● Data supplied:
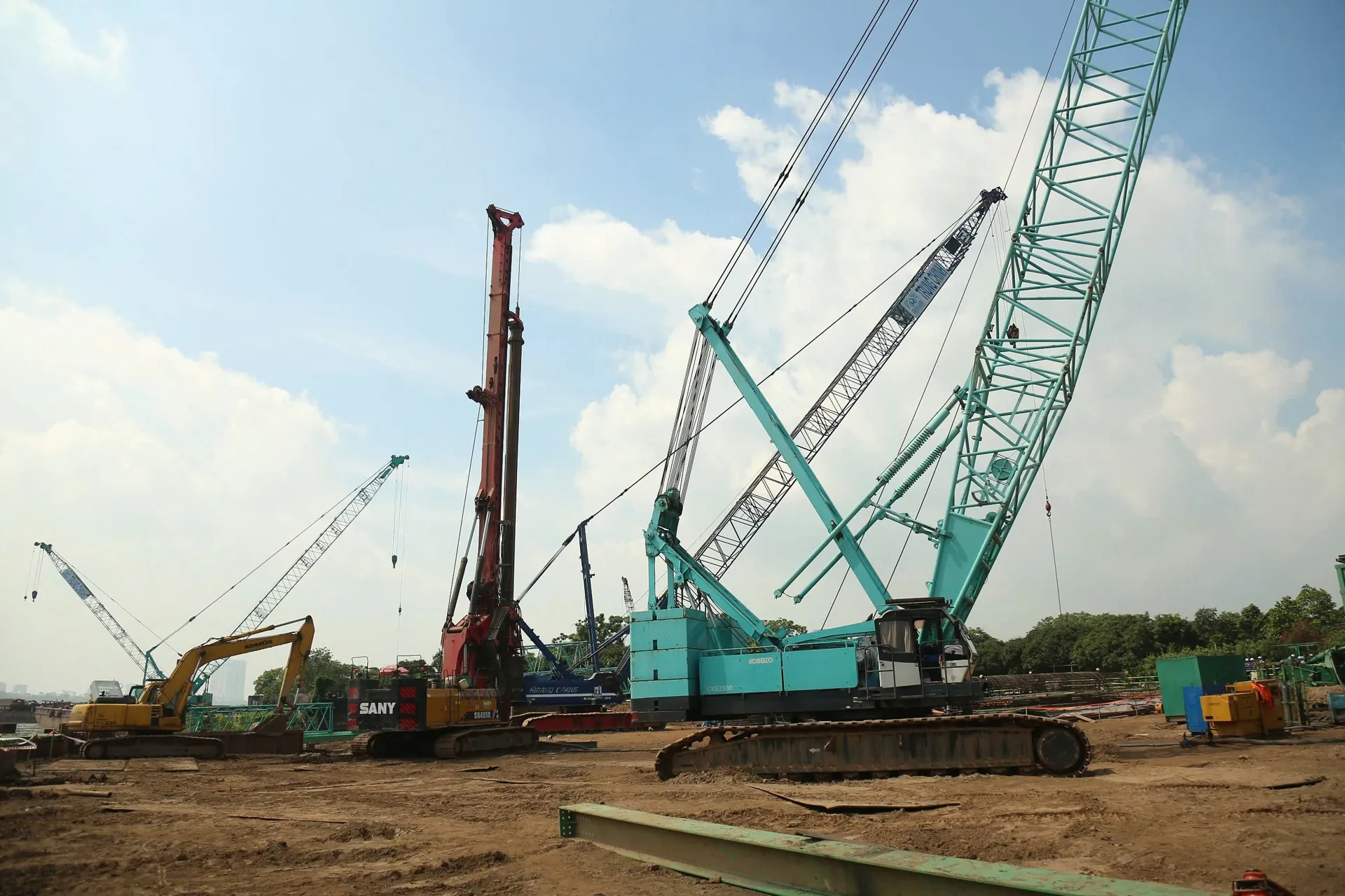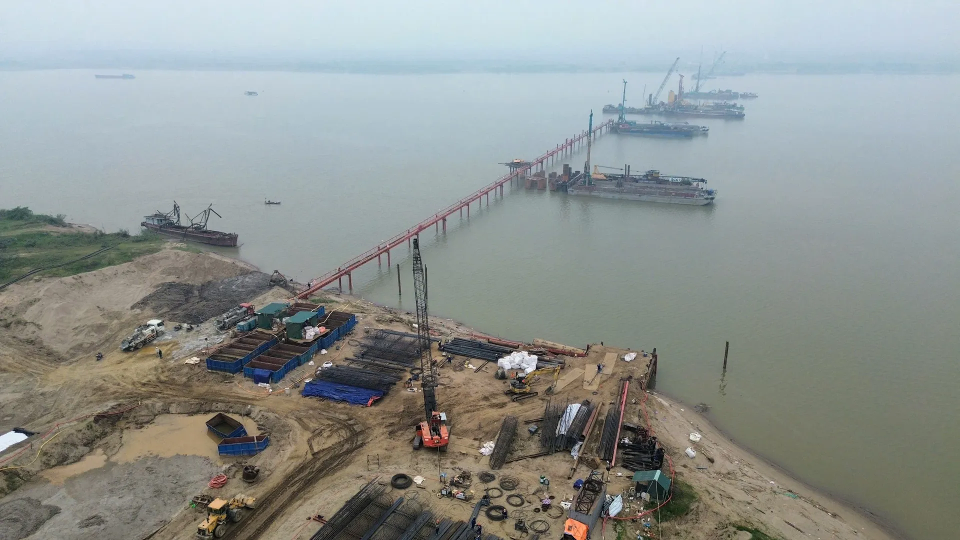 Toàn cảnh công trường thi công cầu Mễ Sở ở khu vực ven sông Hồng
--
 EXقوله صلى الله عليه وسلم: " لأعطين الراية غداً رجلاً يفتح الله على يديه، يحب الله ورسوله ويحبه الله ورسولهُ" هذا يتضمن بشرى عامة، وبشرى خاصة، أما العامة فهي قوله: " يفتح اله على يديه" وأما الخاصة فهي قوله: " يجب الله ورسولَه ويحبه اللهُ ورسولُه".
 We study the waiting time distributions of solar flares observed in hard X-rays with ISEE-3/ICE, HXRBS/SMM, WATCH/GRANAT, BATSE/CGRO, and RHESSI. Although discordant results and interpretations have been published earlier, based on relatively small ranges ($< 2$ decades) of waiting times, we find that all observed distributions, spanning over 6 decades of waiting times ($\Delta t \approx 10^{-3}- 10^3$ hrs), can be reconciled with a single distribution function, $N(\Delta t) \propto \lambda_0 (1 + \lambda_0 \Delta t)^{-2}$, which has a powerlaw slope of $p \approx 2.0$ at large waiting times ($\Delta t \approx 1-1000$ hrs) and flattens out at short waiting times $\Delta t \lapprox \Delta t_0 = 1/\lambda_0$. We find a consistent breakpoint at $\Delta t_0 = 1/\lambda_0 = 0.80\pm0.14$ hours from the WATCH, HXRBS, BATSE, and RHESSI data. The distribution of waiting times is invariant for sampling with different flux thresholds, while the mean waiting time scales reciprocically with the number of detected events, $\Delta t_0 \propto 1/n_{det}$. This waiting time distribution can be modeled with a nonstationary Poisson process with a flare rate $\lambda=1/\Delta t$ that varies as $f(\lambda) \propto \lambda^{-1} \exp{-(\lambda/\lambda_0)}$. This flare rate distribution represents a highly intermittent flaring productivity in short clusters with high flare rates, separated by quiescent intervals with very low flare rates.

● Work to complete:
In the data above, find the line that contains "EXقوله صلى الله" and the line that contains "We study the". Repeat exactly those lines and every line between them, and only those.

● Task response:
 EXقوله صلى الله عليه وسلم: " لأعطين الراية غداً رجلاً يفتح الله على يديه، يحب الله ورسوله ويحبه الله ورسولهُ" هذا يتضمن بشرى عامة، وبشرى خاصة، أما العامة فهي قوله: " يفتح اله على يديه" وأما الخاصة فهي قوله: " يجب الله ورسولَه ويحبه اللهُ ورسولُه".
 We study the waiting time distributions of solar flares observed in hard X-rays with ISEE-3/ICE, HXRBS/SMM, WATCH/GRANAT, BATSE/CGRO, and RHESSI. Although discordant results and interpretations have been published earlier, based on relatively small ranges ($< 2$ decades) of waiting times, we find that all observed distributions, spanning over 6 decades of waiting times ($\Delta t \approx 10^{-3}- 10^3$ hrs), can be reconciled with a single distribution function, $N(\Delta t) \propto \lambda_0 (1 + \lambda_0 \Delta t)^{-2}$, which has a powerlaw slope of $p \approx 2.0$ at large waiting times ($\Delta t \approx 1-1000$ hrs) and flattens out at short waiting times $\Delta t \lapprox \Delta t_0 = 1/\lambda_0$. We find a consistent breakpoint at $\Delta t_0 = 1/\lambda_0 = 0.80\pm0.14$ hours from the WATCH, HXRBS, BATSE, and RHESSI data. The distribution of waiting times is invariant for sampling with different flux thresholds, while the mean waiting time scales reciprocically with the number of detected events, $\Delta t_0 \propto 1/n_{det}$. This waiting time distribution can be modeled with a nonstationary Poisson process with a flare rate $\lambda=1/\Delta t$ that varies as $f(\lambda) \propto \lambda^{-1} \exp{-(\lambda/\lambda_0)}$. This flare rate distribution represents a highly intermittent flaring productivity in short clusters with high flare rates, separated by quiescent intervals with very low flare rates.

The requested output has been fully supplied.